Никакой корреляции "полноты" инструмента с количеством голосов, а следовательно и регистров, в природе не существует. Да и гляньте на итальянцев: вообще никаких корреляций регистровых машинок и возраста не наблюдается


----------



## Kuzalogly (6 Июн 2015)

vev писал:


> Ну вот я и предлагаю 3тр.


За 3,5 тр я и сам возьму. Играть не буду. Просто штукенция красивая, повешу на стену...


----------



## vev (6 Июн 2015)

*Kuzalogly*,
это ж сколько макарон можно на эти деньжищи купить  Сколько ж Вам поститься прийдется


----------



## zet10 (6 Июн 2015)

КузалОглы поднял ставку!Вначале он предложил 500 р,а теперь ажно 3,500 ТЫСЯЧИ! Из этого я могу заключить,что Кузалоглы игрок...крупный игрок... Сильный игрок... Торговец! И ни чегошеньки он не голодает,как он тут нам писал, и судя по всему он человек богатый,раз может вот так вот запросто "отслюнявить" 3,500 куска и повесить аккордеон на стену для красоты!


----------



## vev (6 Июн 2015)

*zet10*,
Юра, рассуди по поводу возраста. Заодно и по поводу национальности: а не немец ли это? Или чех какойньть?


----------



## Kuzalogly (6 Июн 2015)

zet10 писал:


> Из этого я могу заключить,что Кузалоглы игрок...крупный игрок...

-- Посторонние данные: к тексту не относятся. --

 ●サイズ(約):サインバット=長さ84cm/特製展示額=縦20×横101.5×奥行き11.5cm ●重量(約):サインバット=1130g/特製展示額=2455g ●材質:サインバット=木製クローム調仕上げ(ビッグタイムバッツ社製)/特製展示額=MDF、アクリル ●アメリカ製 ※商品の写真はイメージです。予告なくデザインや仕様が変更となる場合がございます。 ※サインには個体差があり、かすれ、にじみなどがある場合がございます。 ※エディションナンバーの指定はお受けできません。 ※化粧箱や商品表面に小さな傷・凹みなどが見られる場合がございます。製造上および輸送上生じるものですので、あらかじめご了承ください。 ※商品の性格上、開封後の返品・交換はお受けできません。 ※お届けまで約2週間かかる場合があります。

Да вы что, ребяты... Я ж понимаю, что с этим инструментом нельзя выступать перед людьми, не примут в музыкальную школу, нельзя по современным меркам учиться игре на аккордеоне. Но вещь красивая, винтажная, с красивым чемоданом. Поэтому я и приветствую перенести этот винтаж себе в избу, для антуража. Может, даже сбацаю на нём частушки, если он внутри цел...


----------



## lostris (6 Июн 2015)

vev (06.06.2015, 20:04) писал:


> Только прошу не заставлять забирать Ростов на Дону, а то еще приплатить мне придется за вынос


Ну ёлы-палы!А я уж было обрадовалась,что пианино сбагрю под шумок)С ним-то мне что делать?Может подскажете?
Ну,а на самом деле у меня уже очередь на сей чудный инструмент.Если не получится,то вернусь сюда.
Вон один мужчина предложил сразу 10.000...Пробила номер и что-то не верю я ему,кажись,мошенник какой-то.


----------



## vev (6 Июн 2015)

Kuzalogly писал:


> zet10 писал: Из этого я могу заключить,что Кузалоглы игрок...крупный игрок... Да вы что, ребяты... Я ж понимаю, что с этим инструментом нельзя выступать перед людьми, не примут в музыкальную школу, нельзя по современным меркам учиться игре на аккордеоне. Но вещь красивая, винтажная, с красивым чемоданом. Поэтому я и приветствую перенести этот винтаж себе в избу, для антуража. Может, даже сбацаю на нём частушки, если он внутри цел...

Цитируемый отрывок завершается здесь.